Introduction
The Aegis Evaluation Service allows you to systematically measure the performance of multi-agent teams on various tasks. It supports both real-time evaluation during development and large-scale batch evaluation for regression testing and monitoring.
This tutorial will guide you through the Automarking use case as an example of how to:
- Set up a Ground Truth Dataset
- Create an Evaluation Job
- Match agent outputs to ground truth labels
- Retrieve Evaluation Results
This pattern is applicable to any task in the Aegis stack, as the evaluation system is fully task-agnostic and declarative.
Key Concepts
- Ground Truth Dataset: A collection of labeled data points (e.g., correct answers, expected outcomes) used for evaluation.
- Evaluation Job: A task that computes metrics comparing agent outputs against ground truth.
- Evaluation Result: Individual score for a team session/run.
- Evaluation Component: Declarative config defining how to extract relevant fields and compute metrics.
Automarking Example
Data Structure
In this use case, we have:
- question_model_answer dataset → Contains questions and model answers.
- student_answer dataset → Contains student responses linked to questions.
Each student answer is evaluated by an Autogen Team, and the results are compared against human-graded ground truth labels.

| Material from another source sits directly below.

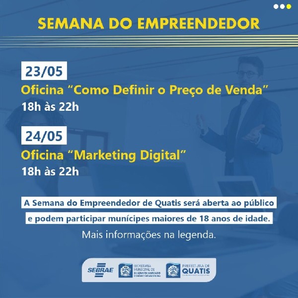 ções para a Semana do Empreendedor de Quatis, em parceria com o Sebrae Médio Paraíba, seguem abertas até a próxima sexta-feira (17). Contudo, a Prefeitura divulgou, nesta terça-feira (14), a programação atualizada das oficinas agendadas para a semana. As mudanças vão para a programação do dia 22, com a palestra “Destemidas: Construindo a Autoestima e Empoderamento no mundo empresarial feminino.”, que acontece das 19h30 às 20h30. Outra mudança no calendário vai para o último dia da programação, no dia 24, que terá a oficina Marketing Digital. A oficina está marcada para acontecer a partir das 18 horas, com previsão de término às 22h.

Step 1: Create a Ground Truth Dataset
POST /api/v1/eval/groundtruth/dataset
{
"task_id": "<task_id>",
"name": "Automarking Golden Set",
"description": "High quality labeled student answers.",
"label_uri": "s3://bucket/automarking_labels.jsonl"
}
You can optionally upload individual labeled pairs:
POST /api/v1/eval/groundtruth/item
{
"dataset_id": "<dataset_id>",
"tenant_id": "<tenant_id>",
"input_uri": {
"question_id": "<question_id>",
"student_answer_id": "<student_answer_id>"
},
"ground_truth_label": {
"pass": true,
"score": 0.9
}
}
Step 2: Configure Evaluation Component
The evaluation config specifies:
- How to extract the relevant fields from both ground truth and agent outputs.
- Which metric to compute (e.g., F1 score, accuracy, RAGAS metrics).
Example:
{
"name": "automarking_accuracy",
"description": "Checks if the agent's answer passes grading.",
"provider": "sklearn",
"extraction": {
"ground_truth_field": "pass",
"prediction_field": "-1.data.pass"
},
"metric": {
"namespace": "sklearn.metrics",
"name": "accuracy_score",
"params": {},
"ci_method": "bootstrap"
}
}
Step 3: Create an Evaluation Job
Option 1: Evaluate Existing Agent Runs
POST /api/v1/eval/job
{
"task_id": "<task_id>",
"dataset_id": "<dataset_id>",
"team_ids": ["<team_id>"],
"metrics": ["automarking_accuracy"],
"evaluation_component": {
"matching_keys": ["question_id", "student_answer_id"],
"evaluation_strategy": "match_existing"
}
}
Option 2: Run Agent Fresh and Evaluate
{
"task_id": "<task_id>",
"dataset_id": "<dataset_id>",
"team_ids": ["<team_id>"],
"metrics": ["automarking_accuracy"],
"evaluation_component": {
"matching_keys": ["question_id", "student_answer_id"],
"evaluation_strategy": "run_and_evaluate"
}
}
Step 4: Retrieve Evaluation Results
GET /api/v1/eval/job/<job_id>
Example Response:
{
"id": "<job_id>",
"status": "COMPLETED",
"results": [
{
"session_id": "<session_id>",
"team_id": "<team_id>",
"metric_name": "automarking_accuracy",
"score": 0.93,
"std_dev": 0.02,
"confidence_interval": [0.89, 0.96]
}
]
}
Step 5: Advanced Monitoring & Leaderboards
You can use evaluation results to:
- Create leaderboards comparing teams across tenants and tasks.
- Track regression over time.
- Provide confidence intervals and standard deviations.
- Estimate sample size requirements for reliable evaluation.
Next Steps
Refer to the Evaluation API Reference and Evaluation Component Configuration Guide to:
- Add custom metrics.
- Configure human feedback integration.
- Schedule recurring evaluation jobs.
This modular evaluation stack allows you to continuously measure and improve the performance of your AI agents across any task.